New Brief: Securing the promise of the Medi-Cal entitlement for our children’s mental health [cachildrenstrust.org]

 

We are thrilled to announce a new and important national policy brief: Coverage of Services to Promote Children’s Mental Health, developed in partnership with Mental Health America and the Well Being Trust. The paper expertly lays out an analysis of how current state Medicaid and commercial health insurance payment policies fail to adequately reimburse for effective interventions to promote positive child and family mental health. It underscores that this failure violates current law and most significantly, that our children and youth are paying the price.

Read the Brief

The issue, as detailed in this policy brief, is that vital federal protections are being  overlooked or altogether violated.  Medicaid (Medi-Cal in California) set the standard for children’s mental healthcare by ensuring coverage for early and periodic screening, diagnostic, and treatment services (EPSDT). By law, plans must cover comprehensive screening services and health education, in addition to diagnostic services, treatment, and other measures necessary to address issues identified during screening for all children up to the age of 21.

The need to access these resources and services is critical, now more than ever, when we are seeing dramatic increases in suicide and other indicators of a mental health crisis. In a June CDC study, 1 in 4 youth ages 18 to 24 said they had "seriously considered" suicide in the past 30 days— more than twice as many as in any other age group. And nationally, during the pandemic from April through October 2020, mental health-related emergency department visits for youth under the age of 18 rose by 31% compared to a similar time frame in 2019.

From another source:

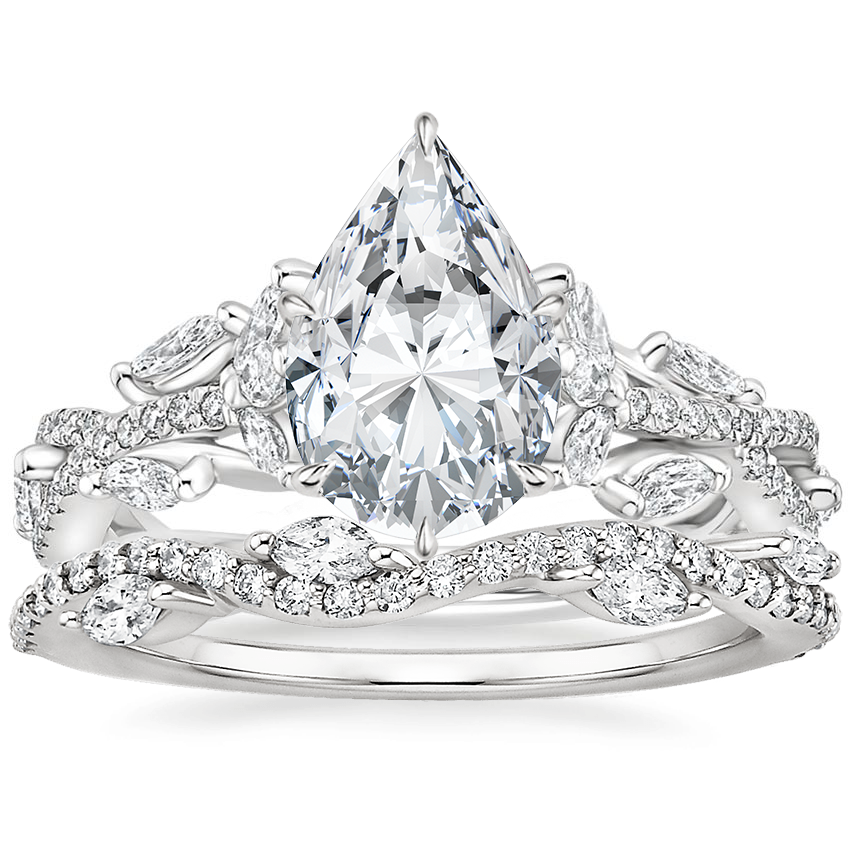 18K White Gold Luxe Secret Garden Diamond Ring (3/4 ct. tw.) with Luxe Winding Willow Diamond Ring (1/4 ct. tw.)

Centering race and class is essential to any response at scale. Eighty-one percent of children on Medicaid are black or brown, and the suicide rate for black children, aged 5-12 is twice that of their white peers. Addressing disproportionality and ensuring that public mental health systems fulfill their promise to children and youth is essential to redressing racialized - and racist - structures and outcomes. 

California Children’s Trust is committed to putting a spotlight on the unfulfilled promise of Medi-Cal funding and leveraging these underutilized resources to address the striking acuity of the children’s mental health crisis, which has been exacerbated by the pandemic.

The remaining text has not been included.